───── Record set
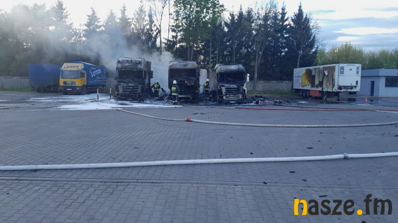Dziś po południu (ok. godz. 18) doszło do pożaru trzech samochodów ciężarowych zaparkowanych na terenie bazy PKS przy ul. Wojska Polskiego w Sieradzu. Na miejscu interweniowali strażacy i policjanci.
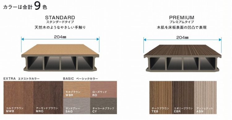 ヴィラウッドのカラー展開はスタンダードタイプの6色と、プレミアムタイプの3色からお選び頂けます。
──────────
───── Record set
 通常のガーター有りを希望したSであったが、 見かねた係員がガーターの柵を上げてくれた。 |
──────────
_Exercise description_: Taking the entries above, copy word for word the lines from the one with "Dziś po południu" up to and including the one with "ヴィラウッドのカラー展開はス", without any picture.

_Answer to this exercise_:
Dziś po południu (ok. godz. 18) doszło do pożaru trzech samochodów ciężarowych zaparkowanych na terenie bazy PKS przy ul. Wojska Polskiego w Sieradzu. Na miejscu interweniowali strażacy i policjanci.
 ヴィラウッドのカラー展開はスタンダードタイプの6色と、プレミアムタイプの3色からお選び頂けます。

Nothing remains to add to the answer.